9. The device of claim 1, wherein the mobility management unit obtains round-trip time information obtained through terminal uplink synchronization operations from at least one other base station through the inter-base station interface unit, and determines a cooperated beam set for uplink transmission of the terminal based on the obtained round-trip time information.

10. A wireless communication device using a millimeter-wave frequency band comprising:

a beam scheduling unit configured to schedule a beam for accessing of a terminal;

a wireless backhaul interface unit configured to communicate with least one other base station under control of the beam scheduling unit; and

a mobility management unit configured to deliver information provided from the terminal to another base station through the wireless backhaul interface unit.

11. The device of claim 10, wherein the beam scheduling unit includes a central scheduler and at least one beam scheduler connected to the central scheduler,

the central scheduler controls scheduling of the at least one beam scheduler, and

the at least one beam scheduling unit respectively provides an access beam for at least one terminal under control of the central scheduler.

12. The device of claim 10, wherein the mobility management unit receives location information from at least one terminal, and delivers the information to another base station through the wireless backhaul interface unit.

13. The device of claim 10, wherein the mobility management unit delivers information on a downlink candidate cooperated beam set provided from at least one terminal to another base station through the wireless backhaul interface unit, and delivers round-trip time values of the at least one terminal to the another base station.

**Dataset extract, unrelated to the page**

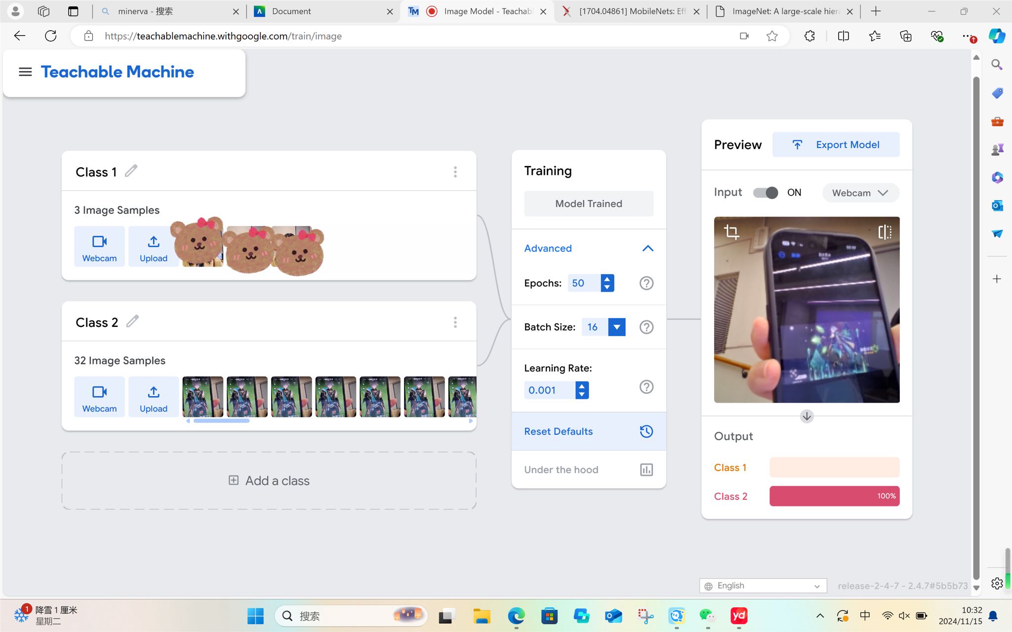 This week I tried Machine Learning. The plateform I used was Teachable Machine. It can identify images, audios, and pose. It was surpriesed me that it could identify one of my favorite ACG characters, Alhaitham. I only uploaded some vague pictures of him. When I showed my phone with his video on camera, the module could easily identify him.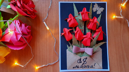 Оригинальная объёмная открытка с тюльпанами-оригами на 8 марта. Можно также подарить на День рождения, День Учителя и т.д.

14. A wireless communication method using a millimeter-wave frequency band comprising:

obtaining location information of at least one terminal;

obtaining information on a terminal located in an inter-beam overlapping area based on the obtained location information; and

scheduling based on information on the terminal located in the obtained inter-beam overlapping area such that inter-beam interference is minimized.

15. The method of claim 14, wherein in the obtaining of location information of the at least one terminal, beam identifier information for at least one beam that can be received by the at least one terminal is respectively received from the at least one terminal.

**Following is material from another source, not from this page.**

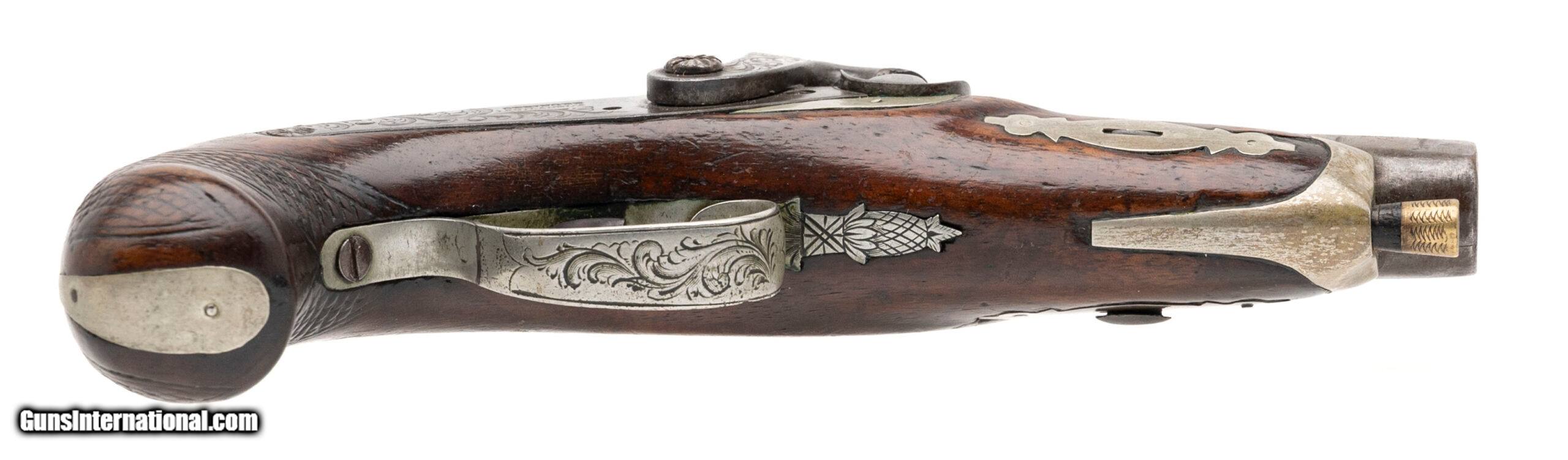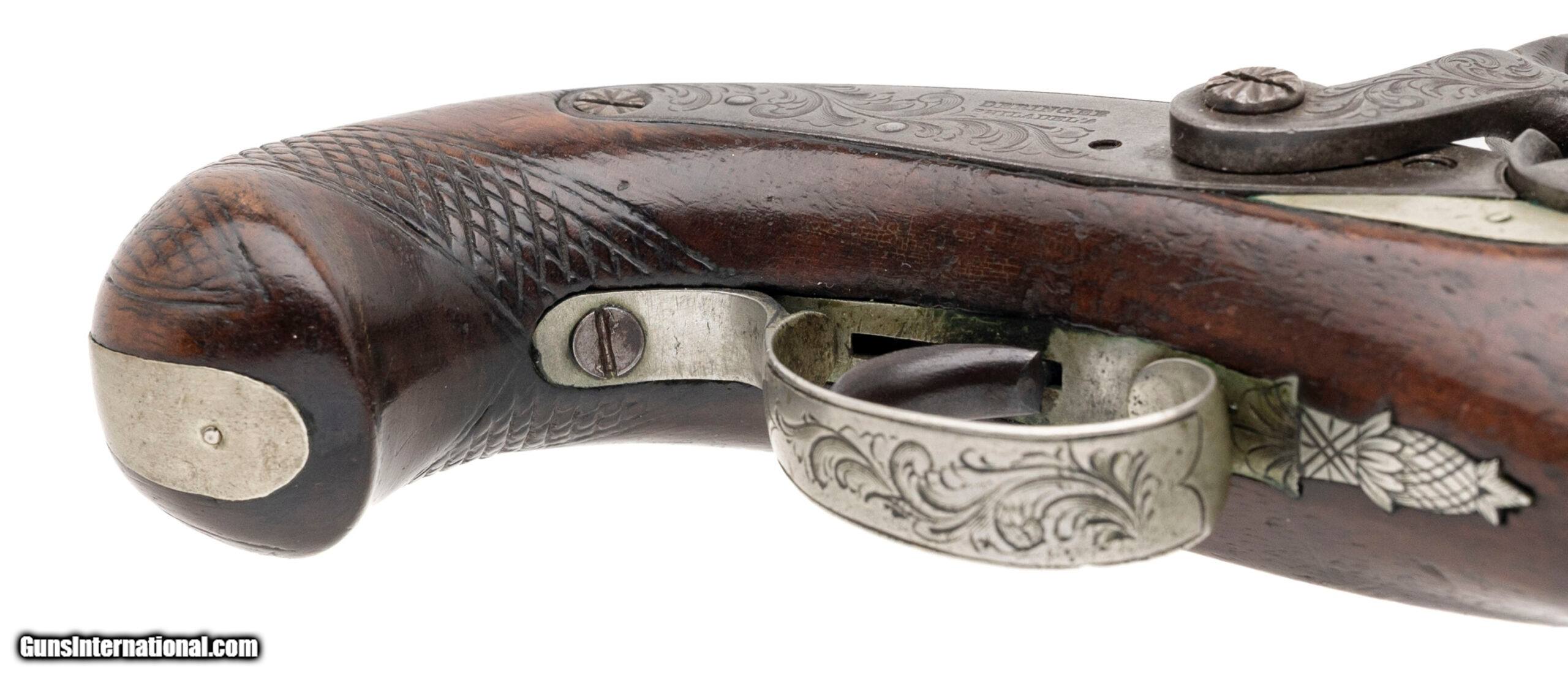 Description: "NSN. Made circa 1850s. 41 caliber with a 3" barrel. The barrel has a light gray [patina throughout, but remains sharp with all the markings visible. The top of the barrel is marked is marked “Made For/ Hyde & Goodrich/ AGENTS N. Orleans" The stock is very good with the checkering present showing normal handling use. The lock, upper tang and trigger guard are all engraved. There is a silver escutcheon with initials nicely engraved. Hyde and Goodrich was a dealer for Henry Derringer in New Orleans. They sold many things in addition to firearms. Very neat Southern marked Derringer.! Antique: Yes Price: $2,895.00 Contact Seller |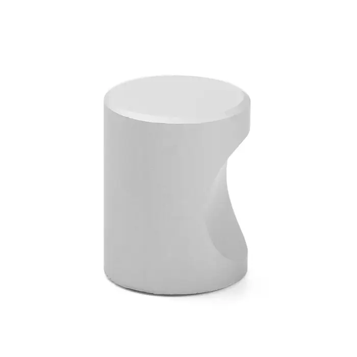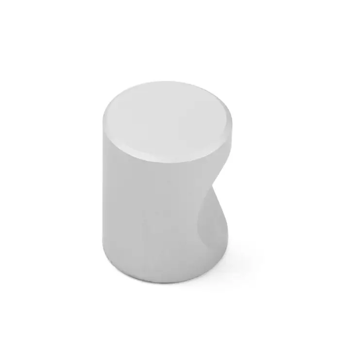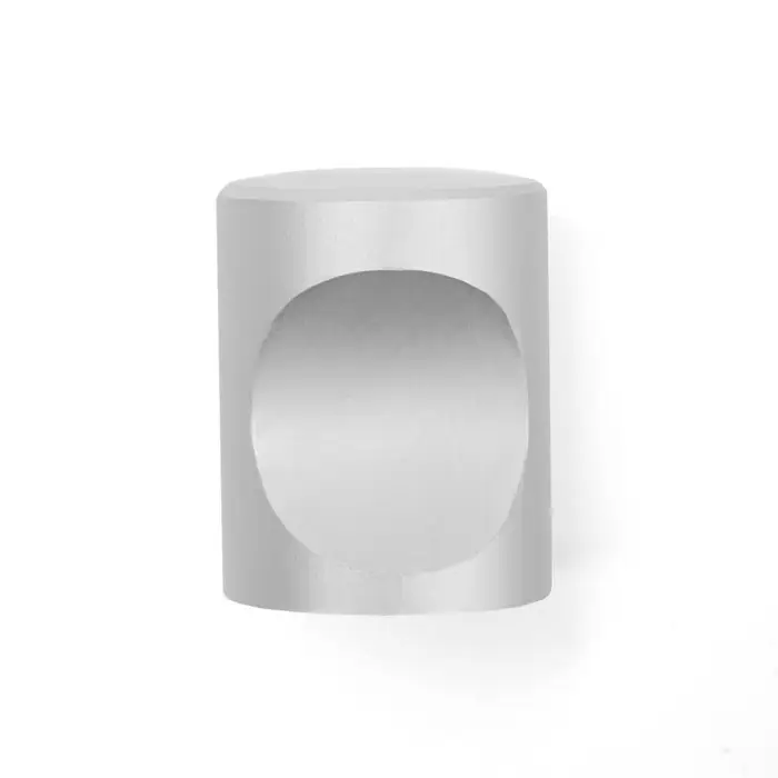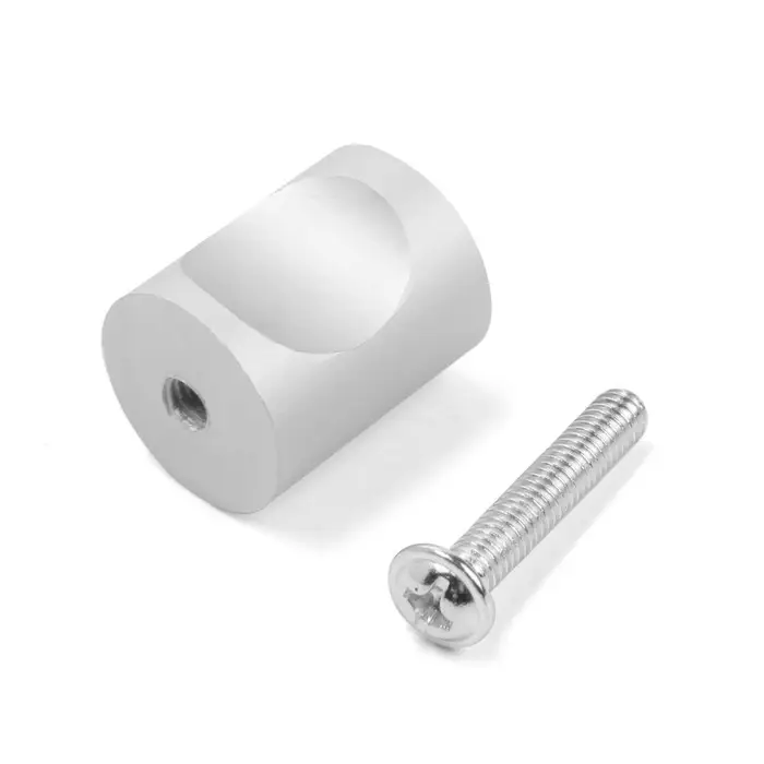 Данная дверная ручка выполнена в форме кнопки и крепится к мебели с помощью винта. Модель выполнена из прочного алюминия и имеет серебристый цвет .

16. The method of claim 14, wherein in the obtaining of location information of the at least one terminal, inter-beam interference information is received from the at least one terminal.

17. The method of claim 14, wherein in the scheduling for minimizing the inter-beam interference, different frequency bands are assigned to an overlapping beam area and a non-overlapping beam area in consideration of the inter-beam overlapping area, and a frequency band assigned to the overlapping beam area is changed according to location of at least one terminal and resource allocation information of the at least one terminal.

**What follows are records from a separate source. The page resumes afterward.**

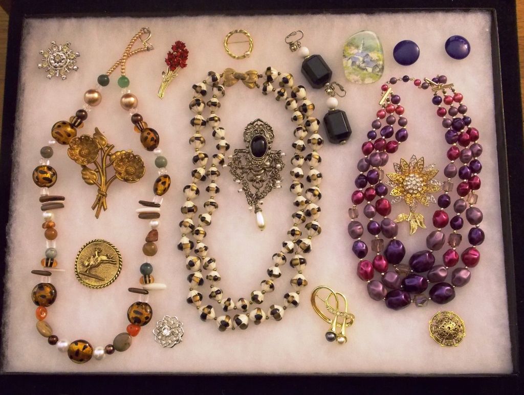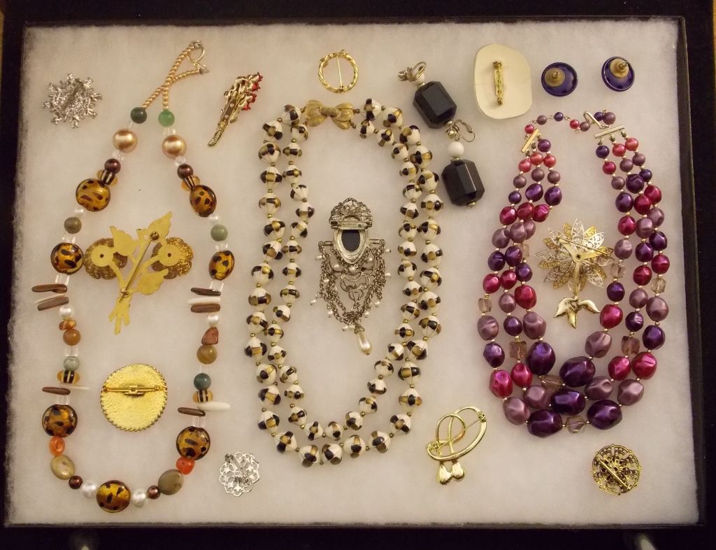 Vintage Costume Jewelry Lot of Necklaces, Ear Rings, and Brooches with Citrine, Black, White and Crystal Beads and Imitation Pearl from the '60s -'70s. Comes as shown in Photos. Case for display only and is not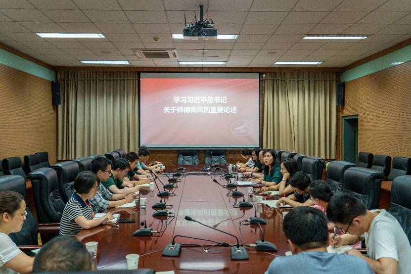 首先,牟蕾带领学院全体教职工,共同学习了习近平总书记关于师德师风的重要论述,引导学院教师争做“有理想信念、有道德情操、有扎实学识、有仁爱之心”的好老师, 以赤诚之心、奉献之心、仁爱之心投身教育事业。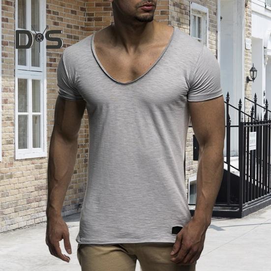 Мужская летняя футболка с короткими рукавами и v-образным вырезом, однотонная, мягкая, приталенная, дышащая, эластичная, средней длины, повседневный пуловер, мужской спортивный топ — купить товар онлайн с бесплатной доставкой по всему миру!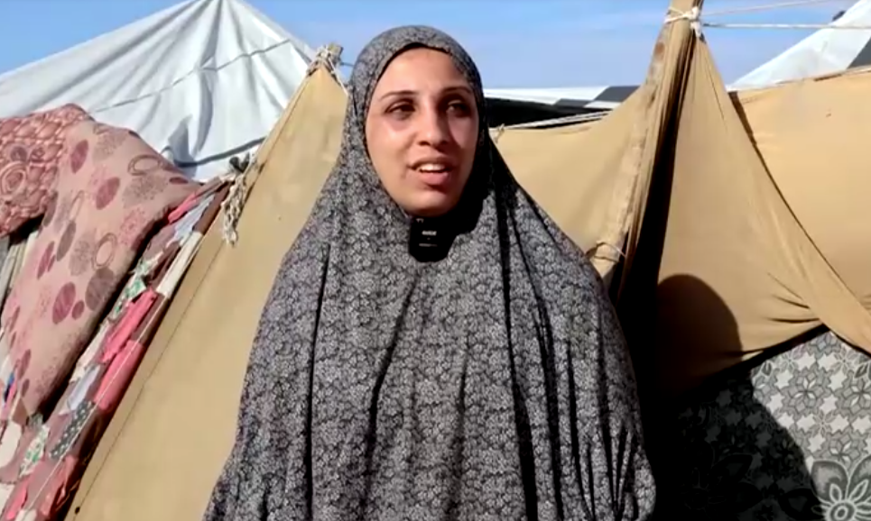 شفاع أبو حليمة قالت من أمام خيمتها في شمال غزة: "يكفينا أننا نعيش في خيام وفي فوضى بسبب المطر، ولا يشعر بنا أحد. ليس لدينا شيء، حتى الملابس غير متوفرة."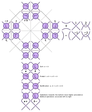 Якщо сплетення a дзеркально відобразити відносно прямої північний захід/південний схід, отримане нове сплетення позначають як −a (зауважимо, що це відрізняється від сплетення з оберненими перетинами). Сплетення мають три бінарні операції: сума, добуток і галуження (англ. ramification)[2], однак всі їх можна виразити операціями додавання і віднімання. Добуток сплетень a b еквівалентний −a+b, а галуження a, b еквівалентне −a+−b.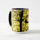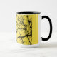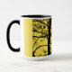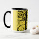 Combo coffee/tea mug with solitary crow design against a yellow background.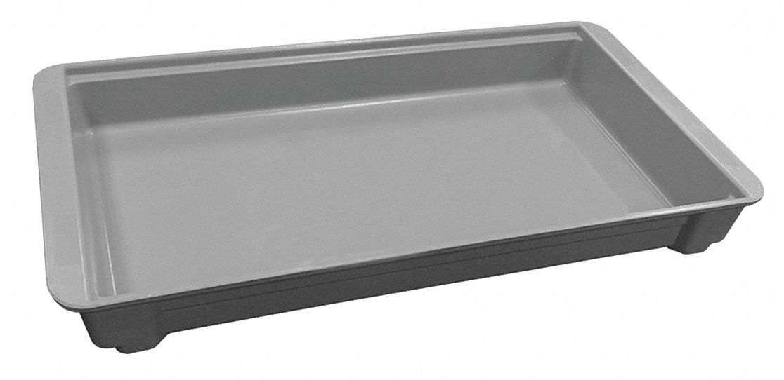 'Stacking Container, Width 11-1/4 In., Length 20-3/4 In., Height 2-3/8 In., Inside Bottom Length 18-5/8 In., Inside Bottom Depth 2-1/4 In., Inside Bottom Width 9-3/4 In., Inside Height 2-1/4 In., Inside Length 18-5/8 In., Inside Width 9-3/4 In., Outside Top Length 20-3/4 In., Outside Top Width 11-1/4 In., Outside Top Depth 2-3/8 In., Outer Height 2-3/8 In., Outer Length 20-3/4 In., Outside Width 11-1/4 In., Capacity 0.24 cu. ft., Stacking Capacity 1050 lb., Load Capacity 150 lb., Gray'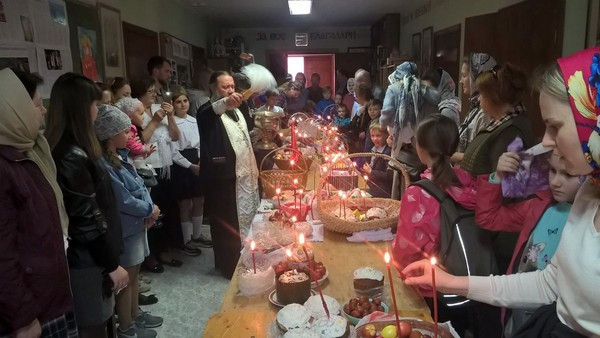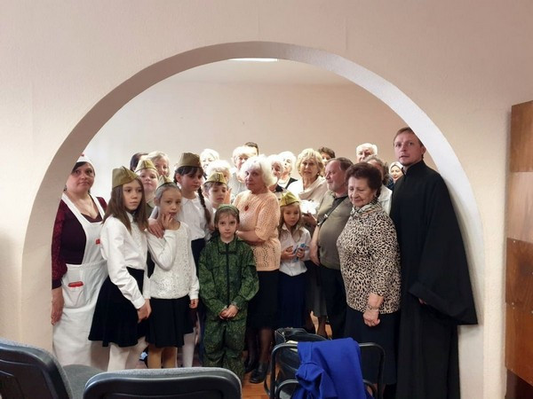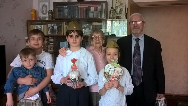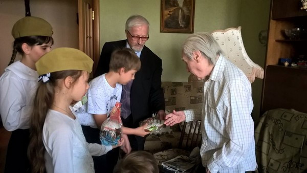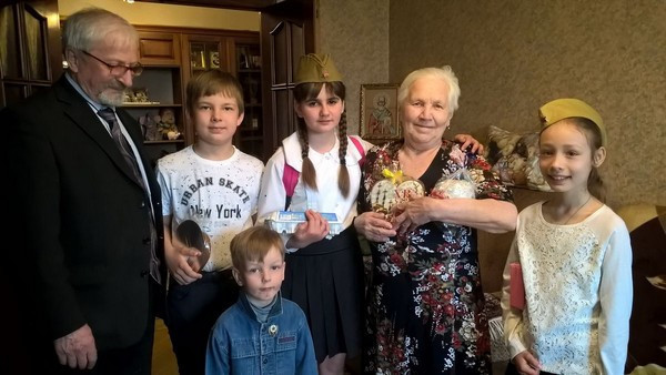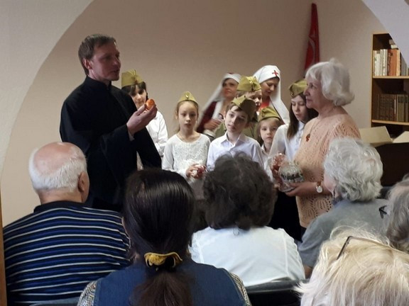 По окончании представления старший преподаватель Воскресной школы д. Андрей К. рассказал о смысле Воскресения Христова и вручил вместе с ребятами освященные куличи и яйца. По благословению настоятеля храма протоиерея Георгия Студенова для каждого ветерана от храма, также был организован специальный подарок-пряник с поздравлением Светлого Христова Воскресения и праздником Победы.

18. A wireless communication method using a millimeter-wave frequency band that is performed in a terminal using the millimeter-wave frequency band, the method comprising:

registering transmitting and receiving capability information in a base station;

measuring received power of each beam included in a beam set based on information on the beam set provided from the base station;

updating a downlink candidate cooperated beam set based on the received power measurement result of each beam, and then reporting the updated downlink candidate cooperated beam set to the base station; and

performing uplink synchronization based on a downlink active cooperated beam set provided from the base station.

19. The method of claim 18, wherein in the registering of the transmitting and receiving capability information in the base station, information on the number of beams that can be simultaneously received by the terminal and the number of beams that can be simultaneously transmitted from the terminal is reported to the base station.

20. The method of claim 18, wherein the performing of the uplink synchronization includes:

setting the downlink active cooperated beam set provided from the base station as an uplink active cooperated beam set; and

performing uplink synchronization for beams included in the uplink active cooperated beam set.